The project includes the key step of identifying which serotonin receptors in the spinal cord are the ones that contribute to spasticity and hypertonia. “Serotonin plays so many roles, we don’t want to block all of it,” said Quinlan. “The idea is to look at a very targeted treatment that could be delivered specifically to the spinal cord.”
Quinlan cites Manuel as a particular asset to the project. The Manuel lab is unique for its ability to record motor neuron activity simultaneously with muscle output in a live animal model—critical for identifying which motor neurons correspond with which muscle activity. “I think Marin’s technique will be transformational to knowing what is going on in muscle development in cerebral palsy,” said Quinlan.
Although it is not a goal of the research, the project could also shed light on the safe use of serotonin reuptake inhibitors for women during pregnancy. (Commonly referred to as SSRIs, serotonin reuptake inhibitors allow for greater availability of serotonin in the brain and spinal cord. SSRIs are commonly used to treat depression and other mental health conditions.)

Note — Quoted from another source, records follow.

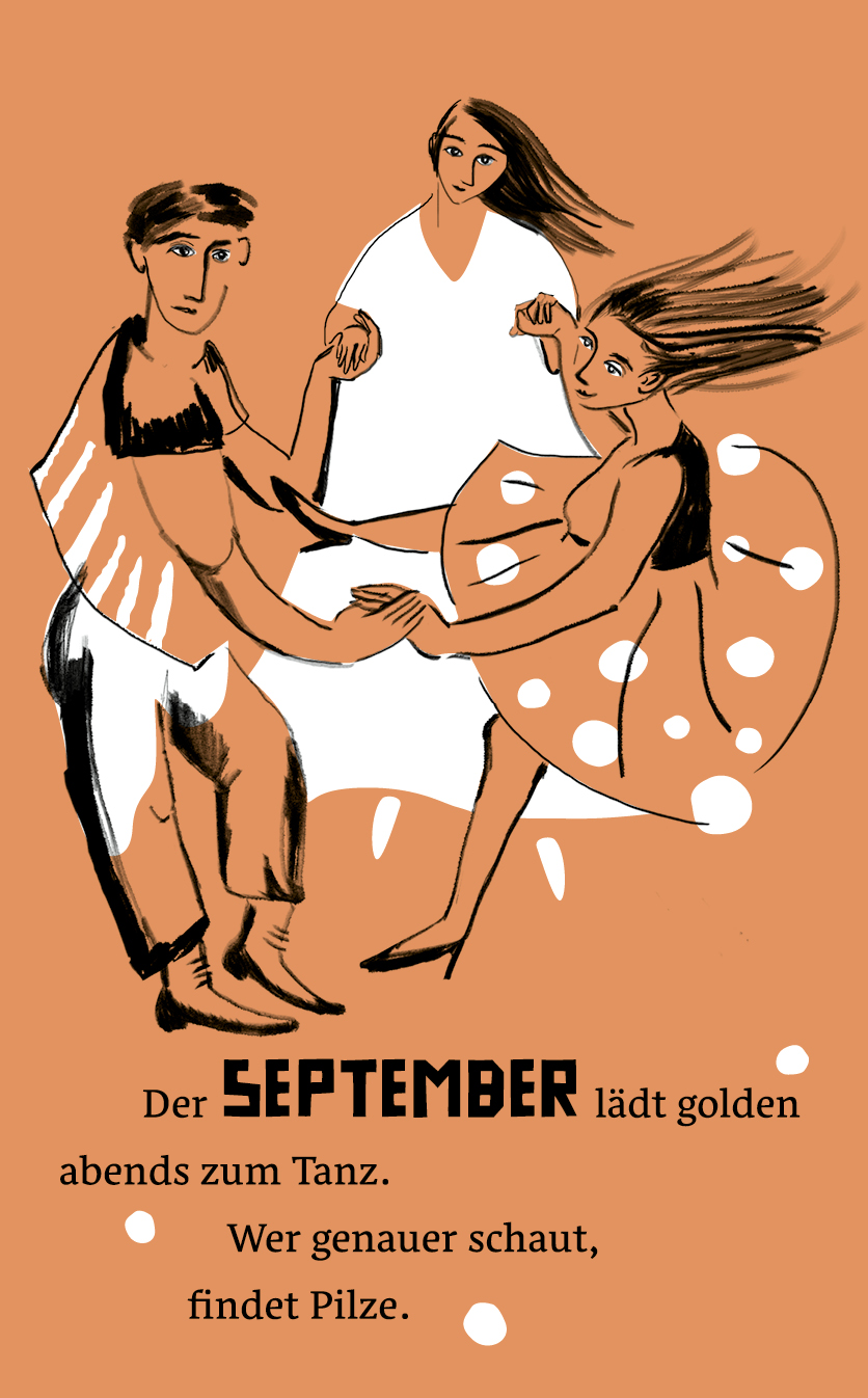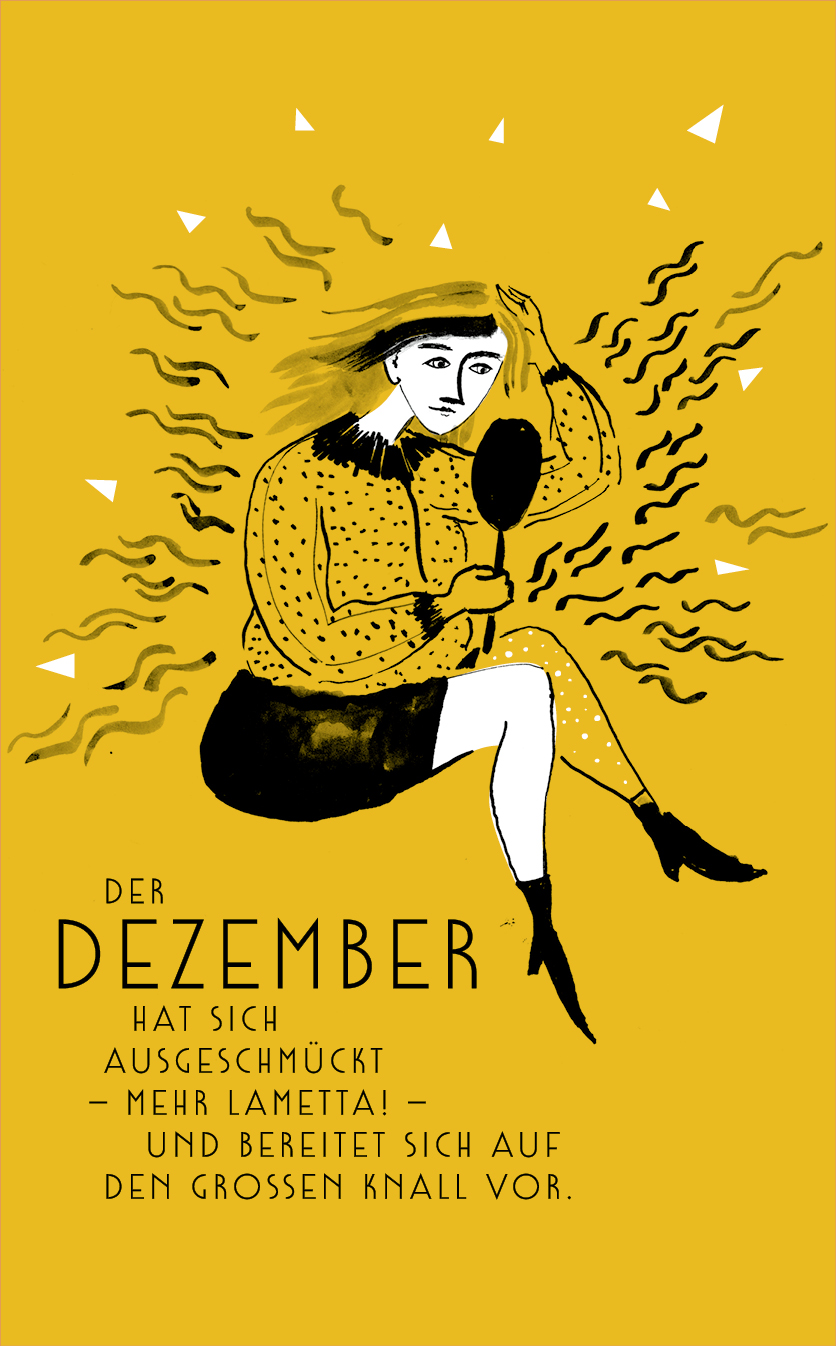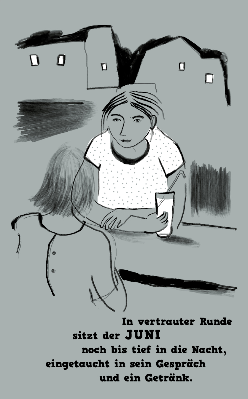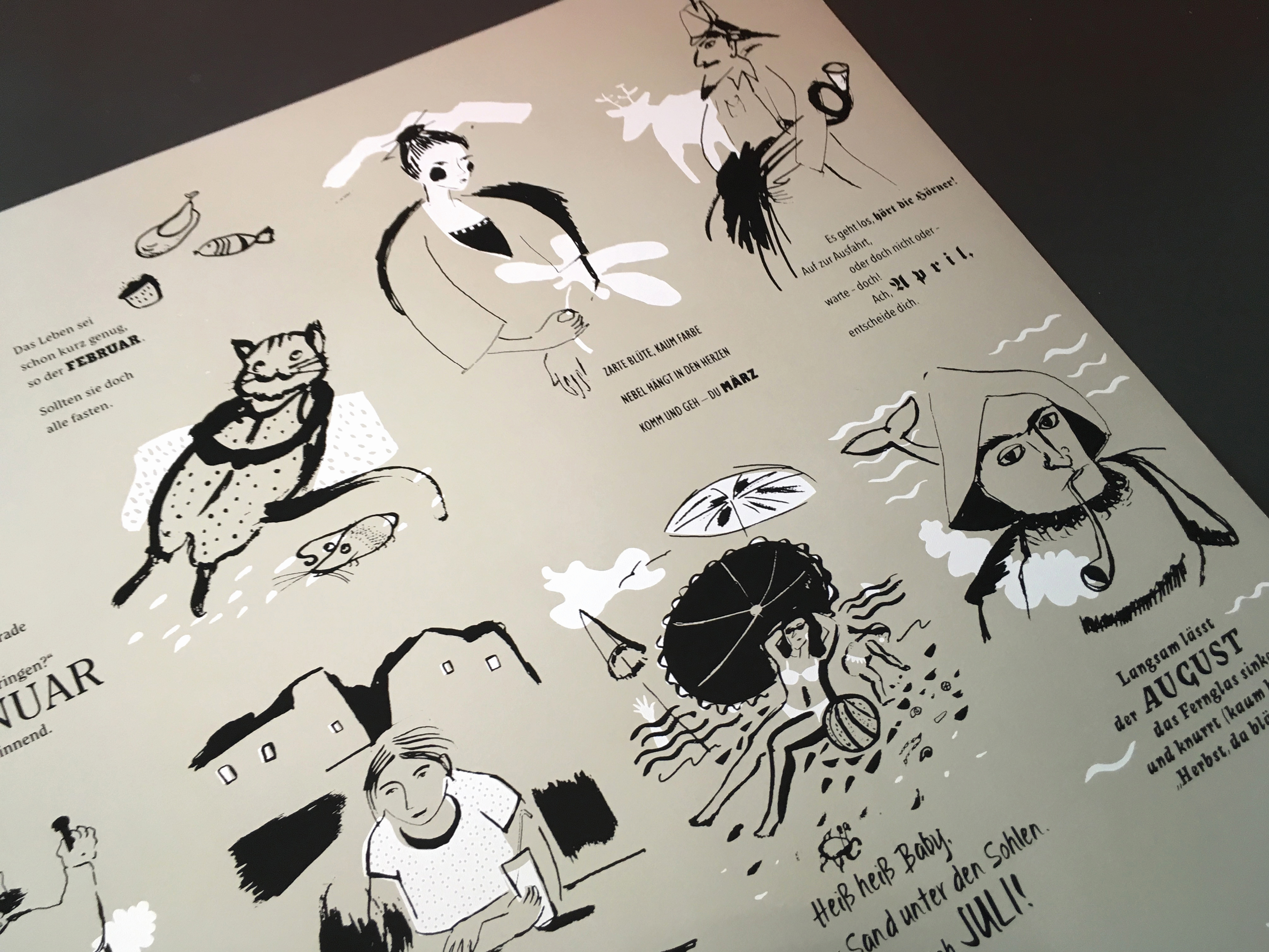 Die Zeichnungen sind konsequent in reduziertem Schwarz mit weißen Akzenten gehalten. Sie interpretieren die Texte, die spielerisch die Monate des Jahres umdichten. Oder interpretieren die Texte die Zeichnungen?
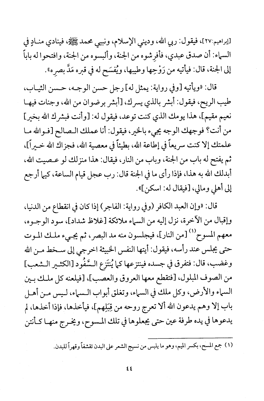 قال: «وإن العبد الكافر (وفي رواية: الفاجر) إذا كان في انقطاع من الدنيا، وإقبال من الآخرة، نزل إليه من السماء ملائكة [غلاظ شداد]، سود الوجوه، معهم المسوح (¬1) [من النار]، فيجلسون منه مد البصر، ثم يجيء ملك الموت حتى يجلس عند رأسه، فيقول: أيتها النفس الخبيئة اخرجي إلى سخط من الله وغضب، قال: فتفرق في جسده فينتزعها كما ينتزع السَّفود [الكثير الشعب] من الصوف المبلول، [فتقطع معها العروق والعصب]، [فيلعنه كل ملك بين السماء والأرض، وكل ملك في السماء، وتغلق أبواب السماء، ليس من أهل باب إلا وهم يدعون الله ألا تعرج روحه من قبلهم]، فيأخذهما، فإذا أخذها، لم يدعوها في يده طرفة عين حتى يجعلوها في تلك المسوح، ويخرج منها كأنتن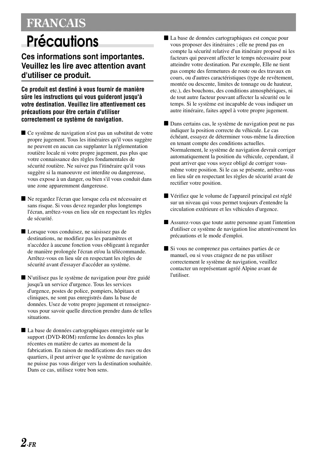 FRANCAIS Précautions Ces informations sont importantes. Veuillez les lire avec attention avant d'utiliser ce produit. Ce produit est destiné à vous fournir de manière sûre les instructions qui vous guideront jusqu'à votre destination. Veuillez lire attentivement ces précautions pour être certain d'utiliser correctement ce système de navigation. L Ce système de navigation n'est pas un substitut de votre propre jugement. Tous les itinéraires qu'il vous suggère ne peuvent en aucun cas supplanter la réglementation routière locale ni votre propre jugement, pas plus que votre connaissance des règles fondamentales de sécurité routière. Ne suivez pas l'itinéraire qu'il vous suggère si la manoeuvre est interdite ou dangereuse, vous expose à un danger, ou bien s'il vous conduit dans une zone apparemment dangereuse. L Ne regardez l'écran que lorsque cela est nécessaire et sans risque. Si vous devez regarder plus longtemps l'écran, arrêtez-vous en lieu sûr en respectant les règles de sécurité. L Lorsque vous conduisez, ne saisissez pas de destinations, ne modifiez pas les paramètres et n'accédez à aucune fonction vous obligeant à regarder de manière prolongée l'écran et/ou la télécommande. Arrêtez-vous en lieu sûr en respectant les règles de sécurité avant d'essayer d'accéder au système. L N'utilisez pas le système de navigation pour être guidé jusqu'à un service d'urgence. Tous les services d'urgence, postes de police, pompiers, hôpitaux et cliniques, ne sont pas enregistrés dans la base de données. Usez de votre propre jugement et renseignezvous pour savoir quelle direction prendre dans de telles situations. L La base de données cartographiques enregistrée sur le support (DVD-ROM) renferme les données les plus récentes en matière de cartes au moment de la fabrication. En raison de modifications des rues ou des quartiers, il peut arriver que le système de navigation ne puisse pas vous diriger vers la destination souhaitée. Dans ce cas, utilisez votre bon sens. 2-FR L La base de données cartographiques est conçue pour vous proposer des itinéraires ; elle ne prend pas en compte la sécurité relative d'un itinéraire proposé ni les facteurs qui peuvent affecter le temps nécessaire pour atteindre votre destination. Par exemple, Elle ne tient pas compte des fermetures de route ou des travaux en cours, ou d'autres caractéristiques (type de revêtement, montée ou descente, limites de tonnage ou de hauteur, etc.), des bouchons, des conditions atmosphériques, ni de tout autre facteur pouvant affecter la sécurité ou le temps. Si le système est incapable de vous indiquer un autre itinéraire, faites appel à votre propre jugement. L Dans certains cas, le système de navigation peut ne pas indiquer la position correcte du véhicule. Le cas échéant, essayez de déterminer vous-même la direction en tenant compte des conditions actuelles. Normalement, le système de navigation devrait corriger automatiquement la position du véhicule, cependant, il peut arriver que vous soyez obligé de corriger vousmême votre position. Si le cas se présente, arrêtez-vous en lieu sûr en respectant les règles de sécurité avant de rectifier votre position. L Vérifiez que le volume de l'appareil principal est réglé sur un niveau qui vous permet toujours d'entendre la circulation extérieure et les véhicules d'urgence. L Assurez-vous que toute autre personne ayant l'intention d'utiliser ce système de navigation lise attentivement les précautions et le mode d'emploi. L Si vous ne comprenez pas certaines parties de ce manuel, ou si vous craignez de ne pas utiliser correctement le système de navigation, veuillez contacter un représentant agréé Alpine avant de l'utiliser. Précautions concernant la sécurité a Veuillez lire attentivement les modes d'emploi du disque et de l'appareil avant d'utiliser le système de navigation. Ils expliquent comment l'utiliser de manière efficace et en toute sécurité. Alpine décline toute responsabilité quant aux problèmes dus au non respect des instructions fournies dans ces manuels. a Le manuel utilise différents symboles pour vous indiquer comment utiliser ce produit en toute sécurité et vous avertir des dangers potentiels résultant d'une mauvaise connexion ou manipulation. Voici la signification de ces symboles. Il est important de bien comprendre leur signification pour utiliser correctement le manuel et le système proprement dit. AVERTISSEMENT Ce symbole désigne des instructions importantes. Le non-respect de ces instructions peut entraîner de graves blessures, voire la mort.

Quinlan hopes that her research, which includes an additional $2.7 million NIH grant awarded in September to study pain in cerebral palsy, will lead to new hope for improved cerebral palsy treatments and prevention.
“Treatments for cerebral palsy can be invasive yet ineffective,” said Quinlan. “Our goal is to find a potential treatment that could translate to humans, where babies at risk could be treated for cerebral palsy before their nervous system matures in a dysfunctional way.”